The second policeman snapped the cellphone shut. ‘That Parisian Captain they’ve sicced on us thinks he’s found out where the guy lives. Reckons, if he really has slipped the net, that he’s sure to make for there. We’re all wanted. This time all we’ve got to do is seal off the whole of the St-Tropez peninsula, from just outside Cavalaire-sur-Mer, via La Croix-Valmer and Cogolin, to Port Grimaud. Can you credit it? That’s sixty fucking kilometres.’
‘More like thirty.’
‘What do you care? There’s no sleep for us tonight.’
Yola turned on to her back, when they eventually walked away and gazed up in wonder at the first star of the evening.
73
Somewhat to his surprise Calque found himself regretting the lack of Macron’s presence as he made his way across the courtyard and back towards the Comtesse de Bale’s house. Calque did not consider himself a sentimental man and Macron had, after all, largely brought his death upon himself - but there had been something magnificently irritating about him as a person, an irritation which had, in its turn, fed Calque’s over-emphatic sense of self. He concluded that Macron had acted as a kind of straight man to his iconoclast and that he was missing having an excuse for being grumpy.
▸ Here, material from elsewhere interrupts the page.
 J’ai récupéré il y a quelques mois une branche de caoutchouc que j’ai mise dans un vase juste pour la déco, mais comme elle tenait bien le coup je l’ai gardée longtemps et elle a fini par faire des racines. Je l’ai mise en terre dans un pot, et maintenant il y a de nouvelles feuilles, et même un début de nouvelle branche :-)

He recalled, too, his delight when Macron had leapt to his defence when the Countess had questioned his knowledge about the Pairs de France and the French nobility. You had to hand it to the man - he might have been a bigot but he had never been predictable.
The soignée private secretary in the tweed and cashmere twinset emerged from the house to greet him - this time, though, she was wearing a silk one-piece dress in burgundy, which made her look even more like a countess than the Countess herself. Calque searched through his memory banks for her name. ‘Madame Mastigou?’
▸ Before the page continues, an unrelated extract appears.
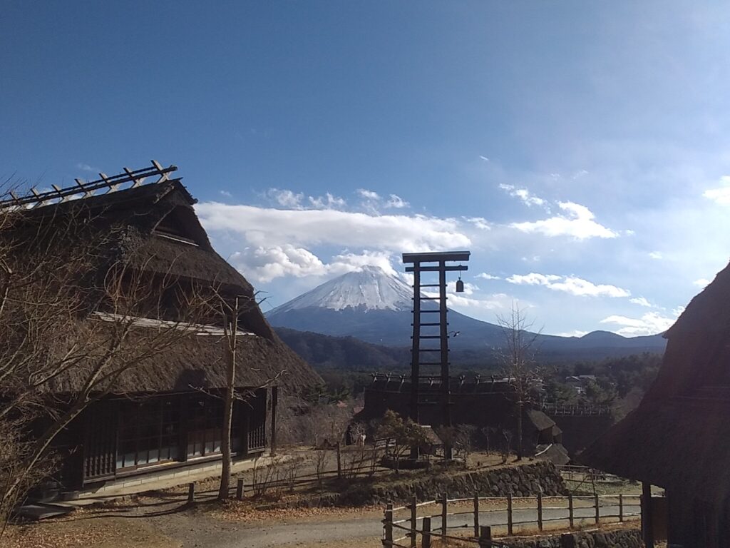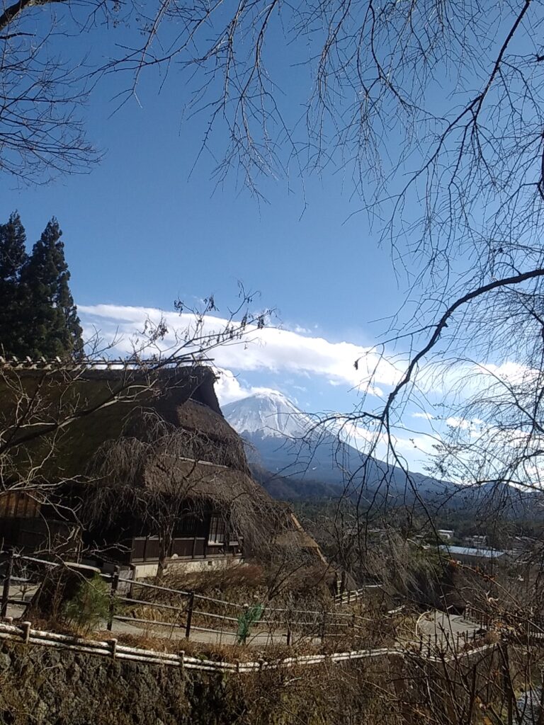 (いやしの里)茅葺き屋根に富士山が絵になる。入場料が500円かかるみたいだが、外から建物の外観は見れる。

‘Captain Calque.’ Her eyes skated over his shoulders to take in the detachment of eight police officers bringing up his rear. ‘And your assistant?’
‘Dead, Madame. Killed by the adopted son of your employer.’
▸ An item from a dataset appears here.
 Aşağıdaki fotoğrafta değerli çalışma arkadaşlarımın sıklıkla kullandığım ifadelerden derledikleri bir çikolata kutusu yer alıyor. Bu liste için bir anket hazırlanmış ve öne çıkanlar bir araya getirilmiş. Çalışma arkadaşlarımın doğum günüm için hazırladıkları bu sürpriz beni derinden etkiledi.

Madame Mastigou took an inadvertent pace backwards. ‘I am sure that cannot be so.’
‘I, too, trust that I have been misinformed. I have a search warrant, however, for these premises, which I intend to exercise immediately. These officers will accompany me inside. They will obviously respect both Madame la Comtesse’s property and her privacy. But I must ask that no one interfere with them during the course of their duties.’
‘I must go and warn Madame la Comtesse.’
‘I shall accompany you.’
Madame Mastigou hesitated. ‘May I see the warrant?’
‘Of course.’ Calque felt in his pocket and handed her the document.
‘May I copy this?’
‘No, Madame. A copy will be made available to Madame la Comtesse’s lawyers when and if they desire it.’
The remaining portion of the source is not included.